## PROBLEM
Look below for the line that contains "Носки полосатые с", then copy it and each following line exactly, through and including the line that contains "На торжественном открытии".

## DATASET ENTRIES
:::

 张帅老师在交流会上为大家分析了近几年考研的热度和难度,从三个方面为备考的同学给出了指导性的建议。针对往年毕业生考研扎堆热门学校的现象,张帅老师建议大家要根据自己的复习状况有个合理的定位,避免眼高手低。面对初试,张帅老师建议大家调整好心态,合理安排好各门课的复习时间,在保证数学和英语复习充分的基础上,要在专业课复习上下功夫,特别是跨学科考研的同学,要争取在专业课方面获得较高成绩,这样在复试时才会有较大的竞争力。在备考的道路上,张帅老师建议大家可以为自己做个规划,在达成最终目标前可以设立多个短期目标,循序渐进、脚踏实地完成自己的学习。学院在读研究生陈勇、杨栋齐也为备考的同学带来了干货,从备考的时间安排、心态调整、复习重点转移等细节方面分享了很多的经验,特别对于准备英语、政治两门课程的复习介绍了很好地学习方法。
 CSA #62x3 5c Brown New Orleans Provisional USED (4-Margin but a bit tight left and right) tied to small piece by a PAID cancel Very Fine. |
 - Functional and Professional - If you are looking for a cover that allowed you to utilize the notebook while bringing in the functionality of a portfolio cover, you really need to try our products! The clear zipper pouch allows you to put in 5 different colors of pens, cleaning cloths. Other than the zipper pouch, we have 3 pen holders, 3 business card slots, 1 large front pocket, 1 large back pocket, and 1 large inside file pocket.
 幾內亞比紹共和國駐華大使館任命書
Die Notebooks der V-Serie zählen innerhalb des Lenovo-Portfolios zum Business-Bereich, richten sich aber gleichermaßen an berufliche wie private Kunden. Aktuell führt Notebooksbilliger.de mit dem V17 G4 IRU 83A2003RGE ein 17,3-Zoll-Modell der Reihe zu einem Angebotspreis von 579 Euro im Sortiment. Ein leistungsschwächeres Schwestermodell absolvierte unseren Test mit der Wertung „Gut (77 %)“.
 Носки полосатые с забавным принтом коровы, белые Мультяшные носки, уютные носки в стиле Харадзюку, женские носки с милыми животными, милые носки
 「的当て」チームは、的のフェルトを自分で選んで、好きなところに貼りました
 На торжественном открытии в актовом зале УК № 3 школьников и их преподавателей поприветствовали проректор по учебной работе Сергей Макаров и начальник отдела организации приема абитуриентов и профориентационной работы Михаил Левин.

:::

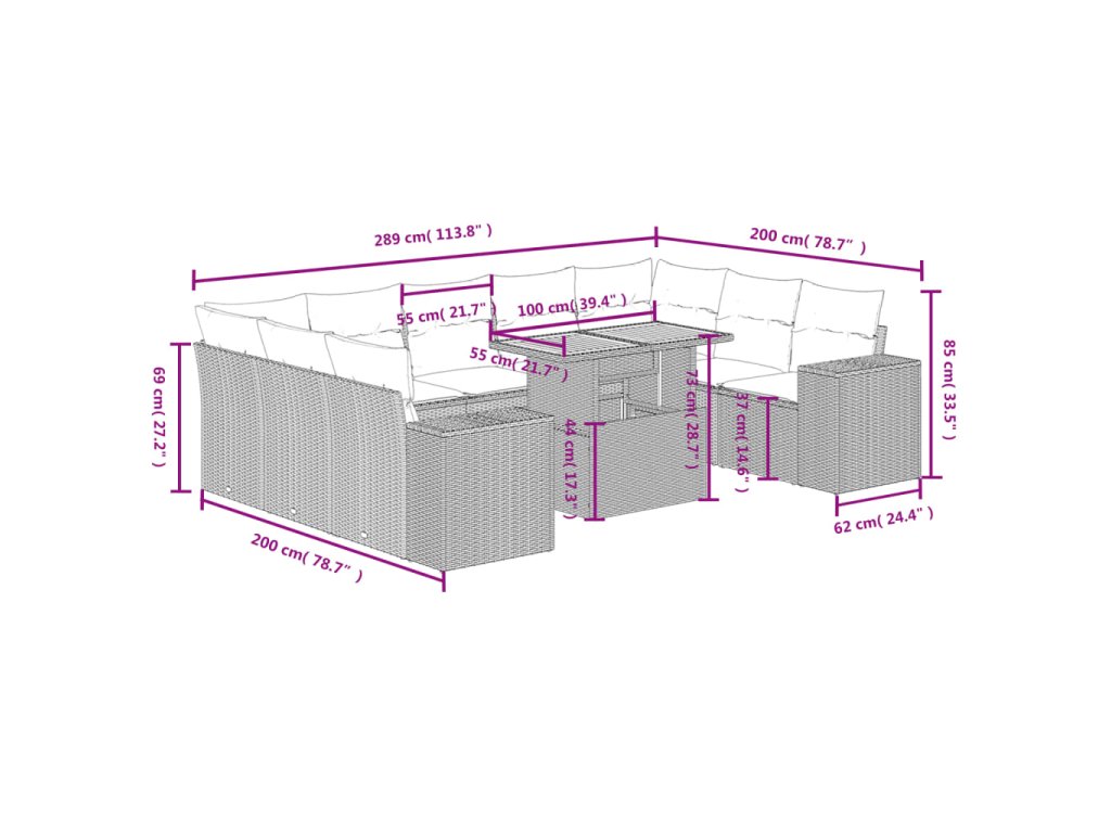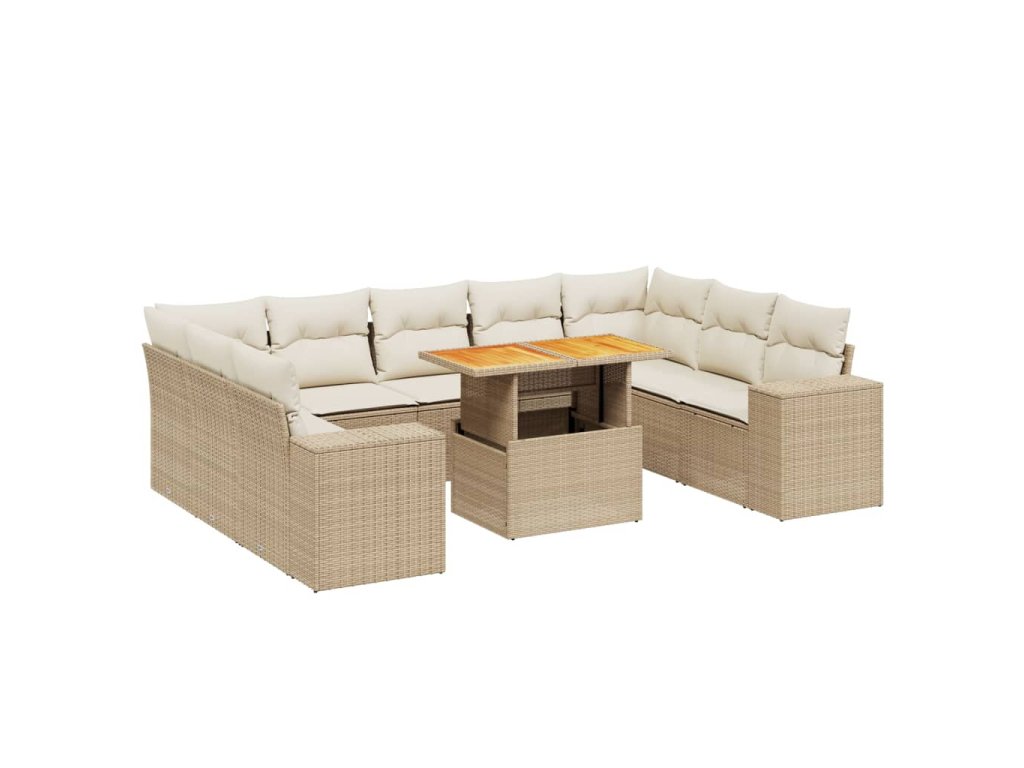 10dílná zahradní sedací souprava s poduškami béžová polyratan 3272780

:::

## EXERCISE ANSWER
 Носки полосатые с забавным принтом коровы, белые Мультяшные носки, уютные носки в стиле Харадзюку, женские носки с милыми животными, милые носки
 「的当て」チームは、的のフェルトを自分で選んで、好きなところに貼りました
 На торжественном открытии в актовом зале УК № 3 школьников и их преподавателей поприветствовали проректор по учебной работе Сергей Макаров и начальник отдела организации приема абитуриентов и профориентационной работы Михаил Левин.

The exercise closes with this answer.